I therefore wrote a column in which I revisited a fantasy scenario that I had floated in which Republicans en masse had repudiated Trump after he secured their presidential nomination.

My basic argument was that Republicans could have “owned” Hillary Clinton if they had seemed to take the high road by helping her defeat a patently dangerous and unqualified nominee who was not really a Republican in the first place.

Republicans hate Clinton, but maybe their best revenge would have been to make her the most miserable and weak president ever.

As I was editing that column, news broke that Trump had infuriated Republicans yet again, this time by siding with the Democratic leaders of the House and Senate in negotiations over the budget and the debt ceiling.

I quickly added a reference and a link to that story, further strengthening my assertion that Republicans must truly be hating their life choices right now.

More from Newsweek

A Look Back: How Presidents Have Used Their First Primetime Tv Address

WASHINGTON — When President Joe Biden makes his first national prime-time address on Thursday night, he’ll be following in a long tradition of presidents focusing their first televised evening speech on a key White House priority.

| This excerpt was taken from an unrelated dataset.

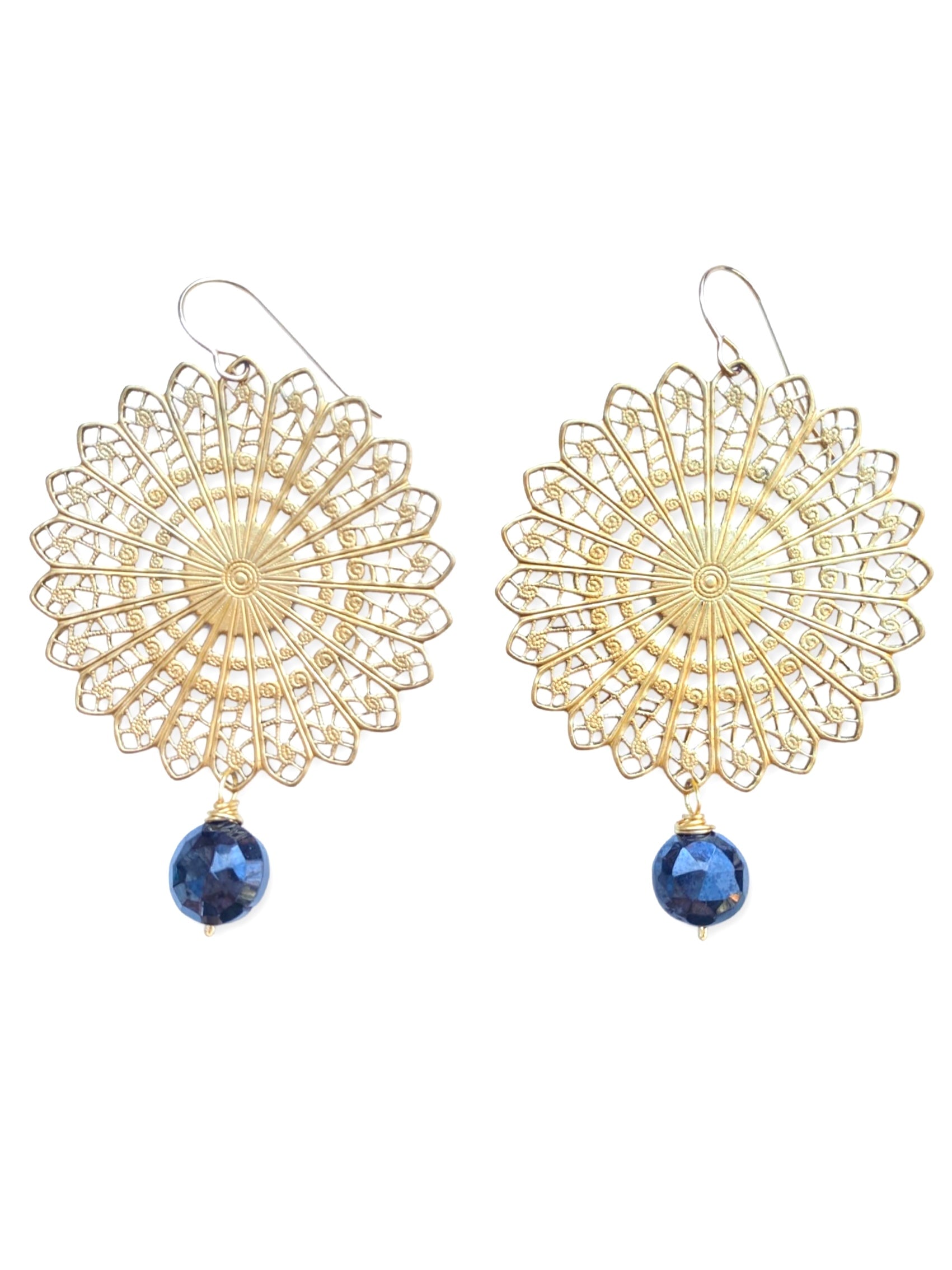Onyx hangs from gold disks making a statement earring that is so light weight that you can wear them all day and night.

Biden will use his address — scheduled to begin just after 8 p.m. ET — to commemorate the one-year anniversary of restrictions aimed at slowing the spread of Covid-19. He is expected to talk about the more than 500,000 Americans who have lost their lives to Covid-19, as well as his efforts to increase the number of vaccines available to Americans. The president is set to sign the $1.9 trillion Covid-19 relief bill into law Thursday afternoon. 

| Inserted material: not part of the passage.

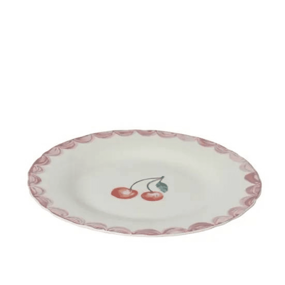 Het bord is gemaakt van hoogwaardig porselein, duurzaam, krasbestendig en makkelijk schoon te maken. Het decoratieve kersdetail voegt een speels accent toe, terwijl het bord praktisch blijft voor dagelijks gebruik.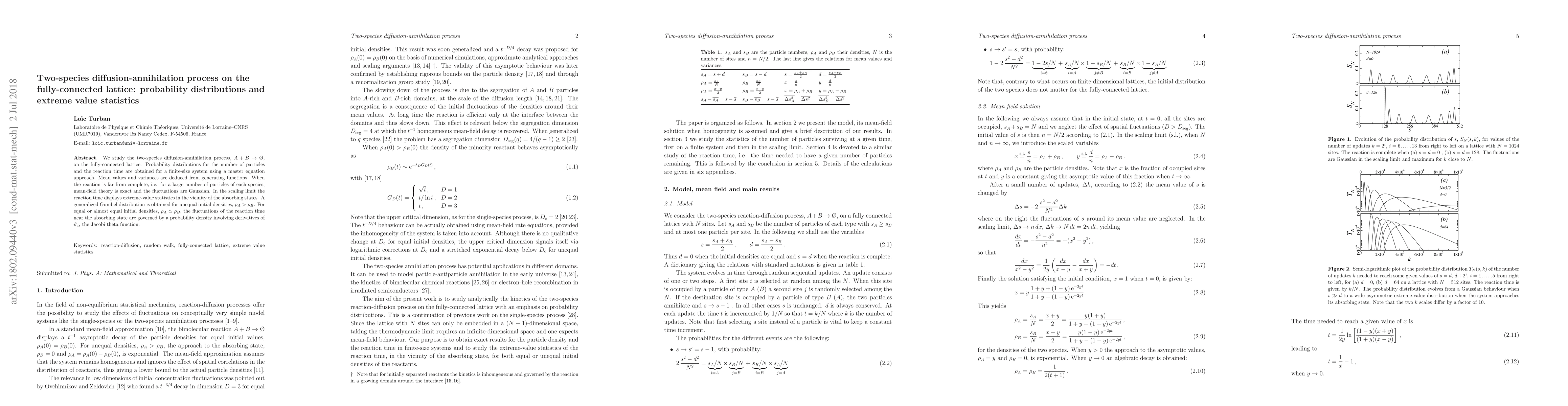 We study the two-species diffusion-annihilation process, $A+B\rightarrow$ \O, on the fully-connected lattice. Probability distributions for the number of particles and the reaction time are obtained for a finite-size system using a master equation approach. Mean values and variances are deduced from generating functions. When the reaction is far from complete, i.e., for a large number of particles of each species, mean-field theory is exact and the fluctuations are Gaussian. In the scaling limit the reaction time displays extreme-value statistics in the vicinity of the absorbing states. A generalized Gumbel distribution is obtained for unequal initial densities, $\rho_A>\rho_B$. For equal or almost equal initial densities, $\rho_A\simeq\rho_B$, the fluctuations of the reaction time near the absorbing state are governed by a probability density involving derivatives of $\vartheta_4$, the Jacobi theta function.

Here’s how some of Biden’s predecessors used their first major prime-time TV addresses: 

President Donald Trump: Trump made his first national address on Aug. 21, 2017 to discuss his strategy in Afghanistan and South Asia. Unlike many former presidents, Trump didn’t make his first prime-time speech from the White House. Rather, the former president spoke from Joint Base Myer-Henderson Hall in Virginia.

Trump used the speech to outline new pillars of his foreign policy plan and to announce he wouldn’t pull all troops out of Afghanistan and South Asia. 

The former president also used the speech to solicit support for his foreign policy strategy from NATO allies. 

Trump also addressed a joint session of Congress in February 2017. 

Conventional Republicans Are In Hassle

Cowardice by some Republicans in siding with Democrats seems to be backfiring because the ballot clearly reveals help for Trump and never squishy lawmakers like Mitch McConnell.

McConnell, regardless of his reported help for ridding the celebration of the President and his supporters, has but to decide to a vote on conviction within the Senate.

However he’s clearly bought a voter downside.

“The survey reveals why Trump might run once more in 2024 if he isn’t convicted — or banned from holding federal workplace — by the Senate,” Axios studies.

“It additionally reveals the peril and alternative for institutionalists like McConnell making an attempt to reclaim the GOP.”

Fox Information persona Tucker Carlson not too long ago commented on what impeachment would imply for the President.

“By impeaching the president throughout his ultimate week in workplace, Congress is not going to achieve discrediting Trump amongst Republican voters,” he cautioned. “In reality, it should improve Donald Trump amongst Republican voters. Clearly!”

Axios’ report and polling appear to substantiate Carlson’s evaluation.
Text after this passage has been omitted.